Alioto-Pier plays the school card

Pub date October 6, 2011
WriterTim Redmond
SectionPolitics Blog

Former Supervisor Michela Alioto-Pier is barely registering in the mayoral polls and at this point has about zero chance of getting elected. So she’s thrown out a desperation pitch, trying to get votes from people who think kids should all go to neighborhood schools.

A mailer that I got yesterday shows two sad looking children in front of a Muni bus with the line: “Our ride to school is longer than our parents’ ride to work. Who will stand up and fight for us?”

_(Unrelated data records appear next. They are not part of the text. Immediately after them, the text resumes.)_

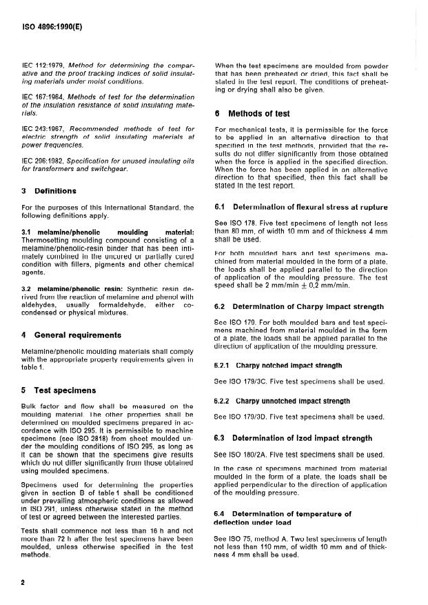 ISO 4896:1990 is a standard published by the International Organization for Standardization (ISO). Its full title is "Plastics — Melamine/phenolic moulding materials — Specification". This standard covers: Specifies requirements for two types of melamine/phenolic moulding materials, i.e. type MPF A: general purpose, and type MPF C: heat-resistant. These types are further subdivided in 5 grades which are differing from each other in the fillers used and in several property values. They are specified in a table with their maximum or minimum property requirements.
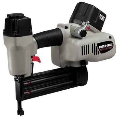 The Air Nailer is built to very high standards and comes with a nice case, oil for oiling the nailer each and every time you pull it from the case to use and a few packs of brads. It takes brads from ¾” to 2” and the stainless brads are much tougher than the regular Porter-Cable brads. If you where building cabinets the Porter-Cable brads would be perfect. It has one twelve volt battery pack and a quick charger that charges the battery in an hour. I would buy one more battery because the nailer runs for just about one hour when in hard usage. With the nice carrying case you can keep it all together and there is plenty of room in the case for eight packs of brads along with everything else.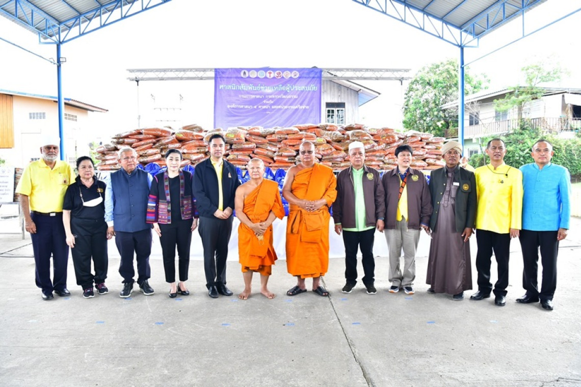 วธ.รวมใจ 5 ศาสนา พุทธ อิสลาม คริสต์ พราหมณ์-ฮินดู ซิกข์ และศาสนิกสัมพันธ์ช่วยเหลือผู้ประสบภัยน้ำท่วมอยุธยา นำเครื่องสมณบริขารถวายแด่พระภิกษุ สามเณร และมอบเครื่องอุปโภคบริโภคแก่ชาวบ้าน เยี่ยมเยียนให้กำลังใจศิลปินพื้นบ้าน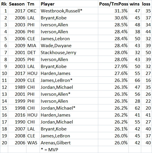 That list is below and you can see that Westbrook and Kobe Bryant's 2006 season are pretty far ahead of any other players in history. The top 20 here consists of guys you know with one name: Lebron, Iverson, Jordan, Kobe, Wade, Harden, Stackhouse, and Arenas.

There are shades of the old (sometimes racist) anti-busing stuff here — why should kids have to ride buses – buses — to go to a school that isn’t right in the neighborhood? There’s also very much a class issue — the public schools in rich neighborhoods have resources (that is, rich parents) that schools in poor neighborhoods don’t. So kids who grow up in (still segregated) poor neighborhoods won’t get a chance to have the same quality education as kids who had the skill and drive that it took to be born to wealthy parents.

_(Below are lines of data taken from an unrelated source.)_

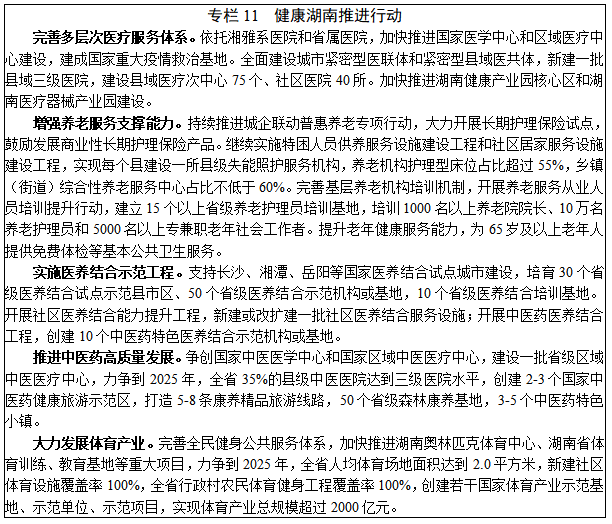 8.康養服務(wù)。深入實(shí)施“健康湖南行動(dòng)”,滿(mǎn)足城鄉居民多樣化、差異化、個(gè)性化的健康養老服務(wù)需求。力爭到2025年,基本建成服務(wù)全生命周期、結構合理、功能完善的健康服務(wù)體系,及覆蓋城鄉、分布均衡、惠及全民的養老服務(wù)體系。發(fā)展醫療健康服務(wù)。加快推進(jìn)國家醫學(xué)中心和國家區域醫療中心建設,統籌推進(jìn)省級區域醫療中心和優(yōu)質(zhì)醫療資源擴容下沉項目建設,完善農村三級衛生服務(wù)網(wǎng)絡(luò )和城市社區衛生機構,推進(jìn)標準化鄉鎮衛生院建設和村衛生室改造。引導社會(huì )辦醫差異化發(fā)展,鼓勵社會(huì )力量舉辦非營(yíng)利性醫療機構。完善家庭醫生簽約服務(wù)。發(fā)展“智慧醫院”,建設健康醫療大數據中心,大力推廣“遠程醫療”服務(wù),探索推進(jìn)可穿戴設備、智能健康電子產(chǎn)品和健康醫療移動(dòng)應用。完善提升養老服務(wù)。支持發(fā)展普惠型養老服務(wù),推動(dòng)養老機構規?;?、連鎖化、品牌化發(fā)展,支持國有企業(yè)參與發(fā)展養老服務(wù),引導社會(huì )資本投資,培育一批龍頭企業(yè)、新型養老產(chǎn)業(yè)集團,推動(dòng)培訓療養資源轉型發(fā)展養老服務(wù)。完善養老服務(wù)設施,推進(jìn)老舊小區適老化改造,補齊農村養老服務(wù)設施短板。發(fā)展社區居家養老服務(wù),促進(jìn)街道綜合養老服務(wù)中心和帶護理床位的城市社區日間照料中心全覆蓋。實(shí)施醫養結合示范工程和社區醫養結合能力提升工程,培育一批醫養結合示范機構和醫養結合試點(diǎn)示范區,積極推進(jìn)智慧健康養老應用試點(diǎn)示范。完善包括健康教育、預防保健、疾病診治、康復護理、長(cháng)期照護、安寧療護的綜合連續、覆蓋城鄉的老年健康服務(wù)體系。傳承創(chuàng )新中醫藥保健服務(wù)。健全覆蓋城鄉的中醫醫療保健服務(wù)體系,實(shí)施湖南省中醫治未病健康惠民工程和中醫康復服務(wù)工程。創(chuàng )建國家中醫藥綜合改革示范區,建立中藥材大數據服務(wù)平臺,新建一批中醫藥文化地標,研發(fā)推廣藥膳、藥飲、藥妝、藥浴等中醫藥保健產(chǎn)品,打造湖湘中醫藥服務(wù)品牌。發(fā)展體育健身服務(wù)。推進(jìn)職業(yè)體育發(fā)展,促進(jìn)體育項目協(xié)會(huì )改革和體育場(chǎng)館資源所有權、經(jīng)營(yíng)權分離改革,引導社會(huì )力量投資建設、運營(yíng)體育場(chǎng)所和設施。培育職業(yè)體育品牌賽事。發(fā)展運動(dòng)員經(jīng)紀、賽事組織、體育信息咨詢(xún)等中介服務(wù),擴大體育健身市場(chǎng)供給。加強公共體育服務(wù)體系建設,構建縣鄉村三級全民健身設施網(wǎng)絡(luò )和城市社區15分鐘健身圈。推進(jìn)“江、湖、山、道”全民健身品牌活動(dòng)和“一縣一品”特色體育項目,打造具有區域特色的健身示范基地和產(chǎn)業(yè)帶。培育多樣化康養服務(wù)。發(fā)展森林康養、中醫藥健康旅游、體育醫療康復等,建設一批高水平森林康養基地,健康醫療旅游示范區。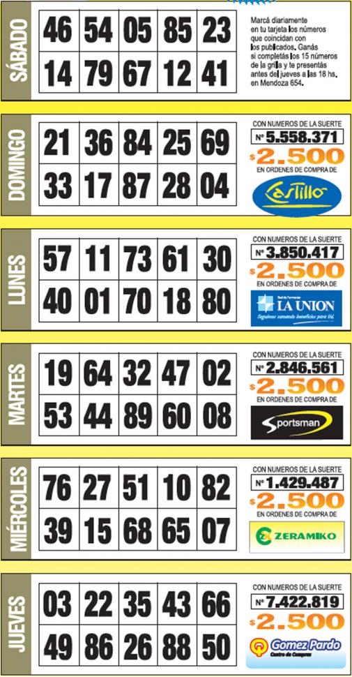 Como cada jueves, se publicó la grilla completa de los Números de Oro de LA GACETA para que los lectores puedan revisar sus tarjetas. Aquellos que completen los 15 números de una de las grillas de su cartón de Números de Oro deberán presentarse en calle Mendoza 654 hasta las 18, que cierra la semana número 33 de Números de Oro. En caso de que el ganador sea usuario Tarjeta Sol, duplica el premio.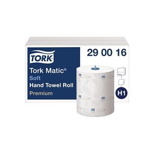 2-ply, soft, tear resistant paper towel roll. For use with Tork H1 dispensing systems. Ideal for washrooms with frequent use. From a traceable source of origin. Roll length: 150m. The Food Safety Label guarantees safe, short-term contact with food.

Sure, we could “make every school a great school,” as the neighborhood schools crew likes to say — but that would take money. Tax money. Lots more tax money.  And I don’t hear Alioto-Pier talking about repealing Prop. 13.

Here’s the reality: In most public schools, parents have to raise money to supplement what the district can offer. You want smaller classes, or language options? Fine — come up with $50,000. Hold fundraisers, write grants, beg and plead — and some school communities are very good at it. Clarendon routinely raises $200,000 or more a year. My daughter’s school, McKinley, holds a car was and Dog Fest, and we got a corporate grant to rebuild the playground. Those things take (a) parents who have time and (b) parents with the skills to write grants and (c) parents who have money to contribute on their own.

You segregate school attendance by neighborhood and you’ll get some schools that have a lot of a, b, and c — and some that have almost none. Now, you could “tax” the good fundraisers — force, say, the Clarendon and McKinley parents to give 25 percent of everything they raise to other schools that don’t have the same parent resources. I’m not actually against that. But it’s almost impossible to administer and unlikely to happen.

Or you could say that parents all over town have the right to choose a school anywhere, including one of the ones in the wealthier parts of town. Then the parents who have resources wind up helping out kids who come from poorer families, because the schools are more socio-economically diverse.

There’s also the fact that San Francisco is a pretty small city; taking a bus from my neighborhood, Bernal Heights, to my son’s middle school, Aptos — in a different neighborhood in another part of town — isn’t that big a deal.

And there’s the indisputable fact that most parents don’t want to be limited to their neighborhood schools. They want choice. There are different types of programs for different kids — and you can’t have Mandarin, Spanish and Japanese immersion all offered at every single elementary school. 

And by the way: Most parents who want to send their kids to the nearby schools get their way already. The new assignment policy gives priorioty to neighborhood residents. And 80 percent of the parents who enter the lottery get one of their seven choices. (Enter the lottery and chose your neighborhood school and the odds are pretty good that you’ll get it. But a lot of people don’t do that — they want a different program or opportunity somewhere else. San Francisco very rarely forces kids to take long bus rides; those kids mostly go to schools that their parents chose for them.) It’s not a perfect system, but as a parent who’s been through it (twice), I can tell you it’s really not that bad.

Then there’s the fact that the mayor doesn’t actually get to decide any of this. The school assigment policy is set by the School Board. So even if Alioto-Pier got elected, there’s no way she could implement the “neighborhood school plan” that she’s talking about.

This is just outright pandering to a West Side crowd. And it’s probably a waste of paper and ink — Alioto-Pier’s not going back to City Hall.